Speech Generation

The model parameter is fixed to seed-tts-1.0.

Authorization

BearerAuth

AuthorizationBearer <token>

Model relay interface recognition. Request heading: Autoration: Bearer .

In: header

Request Body

application/json

model*string

A speech synthesis model.

Default"seed-tts-1.0"

input*string

Text content to read.

voice*string

Sound, e.g. _FD_PROTEC_0, FD_PROTEC_1. A voice string field. Scope: Non-empty string or verification by business configuration.

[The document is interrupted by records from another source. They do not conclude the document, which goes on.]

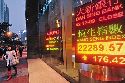 中新網12月3日電 據香港《文匯報》報道,外圍股市繼續造好,迪拜世界的陰霾看似消散,加上市場憧憬迪拜世界事件將拖慢各國政府的退市時間表,港股連升第3天,最多曾升326點,午后由于投資者觀望美國3日公布的最新經濟數據,港股升幅收窄,恒指全日收報22289.5點,升176.4點,成交額783億元,3天已累升逾1100點。
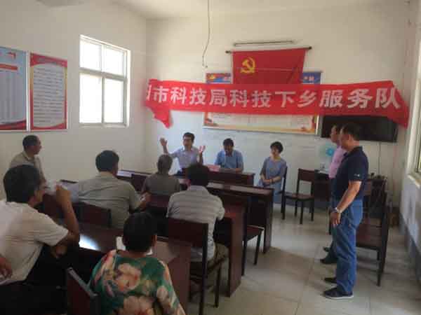 2018年6月20日,市科技局组织科技下乡服务队和科技专家到我局扶贫村——范县陆集乡前张赵村,开展了科技培训和科技下乡服务活动。在举办的果树种植技术培训班上,我局聘请的市林科院果树专家、教授级高工张兆欣,以苹果树优质丰产关键技术进行了详细讲解,回答了农民朋友提出的种植技术难题。在举办的养殖技术培训班上,我局聘请的市农业畜牧局兽医专家郭廷军围绕母猪、仔猪、育肥猪等养殖技术、疾病防治技术等进行了详细讲解,回答了养殖户提出的有关问题。培训班结束后,果树专家张兆欣、兽医专家郭廷军深入到种植、养殖现场,进行了现场指导。这次培训班共有60余名农民朋友参加了培训,发放《预防苹果日灼病》、《苹果夏季喷药有“四忌”》等各种明白纸500余份,《养殖技术及窍门》、《菜田使用农药基本知识》、《无公害蔬菜栽培技术手册》、《林果标准化栽培技术》等四种农村适用技术小册子300余册,科普知识扑克牌100副,发放科技服务二维码手提袋50个,受到农民朋友的热烈欢迎。
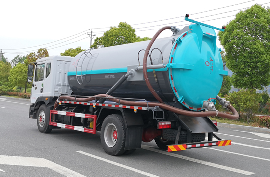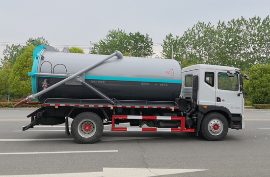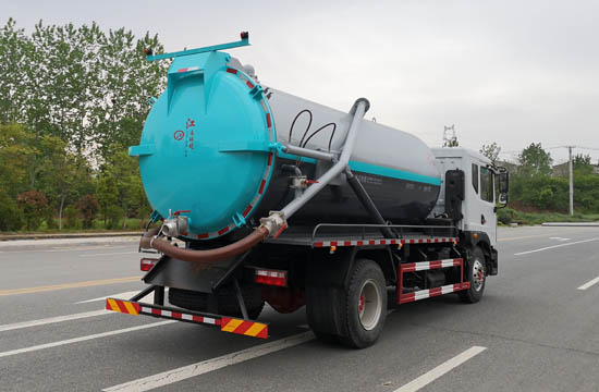 國六12噸吸污車采用東風EQ1185LJ9CDE底盤改裝,平頭單排可翻轉駕駛室,玉柴YCS04200-68發(fā)動機,200馬力,國六排放標準,罐體有效容積12-14立方米。 |
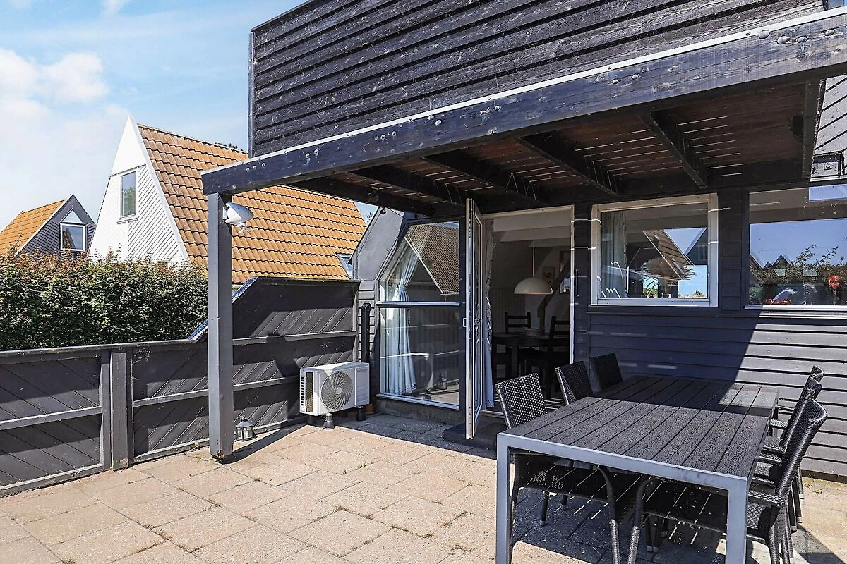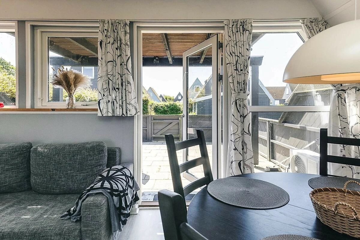 Il cottage dispone di due terrazze, una piccola di fronte alla casa con mobili da giardino e vista sui campi. L'ampia terrazza è dotata di mobili da giardino, un lettino prendisole e una griglia a carbone per quando si desidera preparare una cenetta. Se cade qualche goccia di pioggia, una piccola parte della terrazza viene coperta, così potrete prolungare il vostro divertimento serale.

Default"zh_female_cancan_mars_bigtts"

format?string

Output audio format, e.g. _FD_PROTEC_0, FD_PROTEC_1.

speed?number

Speed. Speed value fields. Scope: An interface description or backstage configuration.

Response Body

audio/mpeg

curl -X POST "https://api.tokaify.com/v1/audio/speech" \
  -H "Content-Type: application/json" \
  -d '{
    "model": "seed-tts-1.0",
    "input": "Enter text that needs to be processed.",
    "voice": "zh_female_cancan_mars_bigtts",
    "format": "json",
    "speed": 1
  }'

curl -X POST "https://api.tokaify.com/v1/audio/speech" \  -H "Content-Type: application/json" \  -d '{    "model": "seed-tts-1.0",    "input": "Enter text that needs to be processed.",    "voice": "zh_female_cancan_mars_bigtts",    "format": "json",    "speed": 1  }'

"string"

Request Parameters

Field	Type	Required	Default	Description
`model`	string	Yes	None	Fixed to `seed-tts-1.0`.
`input`	string	Yes	None	Text to synthesize. Based on the Volcano Engine online speech synthesis interface, standard voices generally recommend no more than 1024 bytes per request; for long text or cloned voices, follow the provider configuration.
`voice`	string	No	`zh_female_cancan_mars_bigtts`	ByteDance voice key, for example `zh_female_cancan_mars_bigtts`. Actual availability depends on the account authorization.
`response_format`	string	No	`pcm`	Output audio format mapped to the official `audio.encoding`. Supports `mp3`, `wav`, `pcm`, and `ogg_opus`; `wav` is usually not used for streaming scenarios.
`speed`	number	No	`1`	Speech speed mapped to the official `audio.speed_ratio`, ranging from `[0.2, 3]`, where `1` means normal speed.

Example Code

curl https://api.tokaify.com/v1/audio/speech \
  -H "Authorization: Bearer $TOKAIFY_API_KEY" \
  -H "Content-Type: application/json" \
  --output speech.mp3 \
  -d '{
    "model": "seed-tts-1.0",
    "input": "Hello, this is a voice clip generated by Seed TTS 1.0.",
    "voice": "zh_female_cancan_mars_bigtts",
    "response_format": "mp3",
    "speed": 1
  }'

import requests

response = requests.post(
    "https://api.tokaify.com/v1/audio/speech",
    headers={"Authorization": "Bearer YOUR_TOKAIFY_API_KEY"},
    json={
        "model": "seed-tts-1.0",
        "input": "Hello, this is a voice clip generated by Seed TTS 1.0.",
        "voice": "zh_female_cancan_mars_bigtts",
        "response_format": "mp3",
        "speed": 1,
    },
)
response.raise_for_status()
with open("speech.mp3", "wb") as file:
    file.write(response.content)

import { writeFile } from "node:fs/promises";

const response = await fetch("https://api.tokaify.com/v1/audio/speech", {
  method: "POST",
  headers: {
    Authorization: `Bearer ${process.env.TOKAIFY_API_KEY}`,
    "Content-Type": "application/json",
  },
  body: JSON.stringify({
    model: "seed-tts-1.0",
    input: "Hello, this is a voice clip generated by Seed TTS 1.0.",
    voice: "zh_female_cancan_mars_bigtts",
    response_format: "mp3",
    speed: 1,
  }),
});

const audio = await response.arrayBuffer();
await writeFile("speech.mp3", Buffer.from(audio));

Notes

voice maps to the ByteDance voice key. If omitted, the default voice zh_female_cancan_mars_bigtts is used. To control volume, pitch, emotion, or language, use the official fields volume_ratio, pitch_ratio, emotion, and language; exact support depends on the provider configuration and selected voice.